Interfacial charge-transfer in 3d/5d complex oxide heterostructures

TL;DR

This study systematically investigates charge transfer at 3d/5d oxide interfaces, revealing electronegativity mismatch as a key factor for designing electronic and spin states in complex heterostructures.

Contribution

It establishes a quantitative framework for interfacial charge transfer driven by electronegativity differences, enabling predictive design of oxide heterostructures.

Findings

Charge transfer up to 0.35 e per unit cell quantified.

ICT scales linearly with electronegativity difference.

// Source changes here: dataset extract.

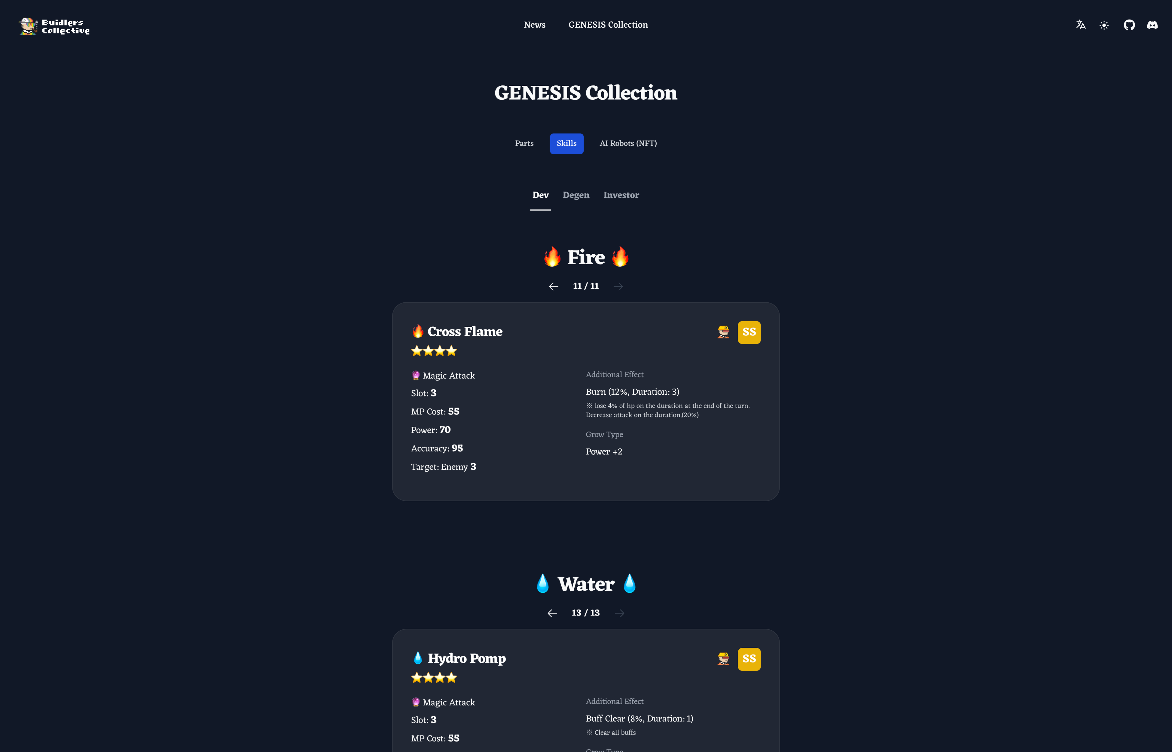 • レンタル機能も実装予定で、トークン報酬を得られる。プレイヤーはDev、Degen、Investorの中から自身のジョブを選択し、ステータス優遇がある。開発者、広報、投資家の連携が大切で、実世界の問題が解決される。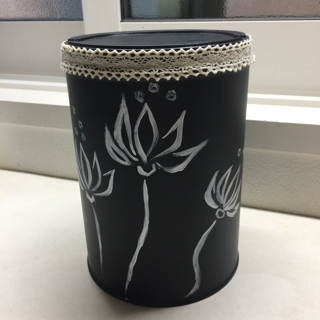 まだまだミルク缶感が否めなかったので、アクリル絵の具で絵を描いてみることに。

Spin-state conversion induced by interface-controlled hybridization.

Abstract

Interfacial charge transfer (ICT) provides a powerful route to engineer electronic phases in correlated oxide heterostructures, yet predictive design principles remain elusive. Here, we systematically investigate superlattices composed of the 5d spin-orbit coupled semimetal SrIrO3 and a series of correlated 3d perovskites (LaMnO3, LaFeO3, LaCoO3, and NdNiO3), thereby establishing a quantitative framework for ICT across 3d/5d interfaces. Combining element-specific x-ray absorption spectroscopy with spatially resolved electron energy loss spectroscopy, a homogeneous electron transfer from the 5d to the 3d layers is directly quantified, reaching up to 0.35 e per unit cell in the cobaltate superlattice. We show that the magnitude of ICT scales linearly with the difference in electronegativity between the transition-metal oxide layers, identifying electronegativity-driven band alignment as the dominant mechanism for ICT. Beyond interfacial doping, we find that strong 3d-5d hybridization induces a complete low-spin to high-spin conversion in the cobaltate layers, demonstrating interface-controlled spin-state engineering without chemical substitution. These results establish electronegativity mismatch as a predictive design parameter for correlated oxide interfaces and provide a materials platform for tailoring band filling, orbital hierarchy, and spin configurations in quantum oxide heterostructures, paving the way towards advanced oxide electronics and next-generation information technologies.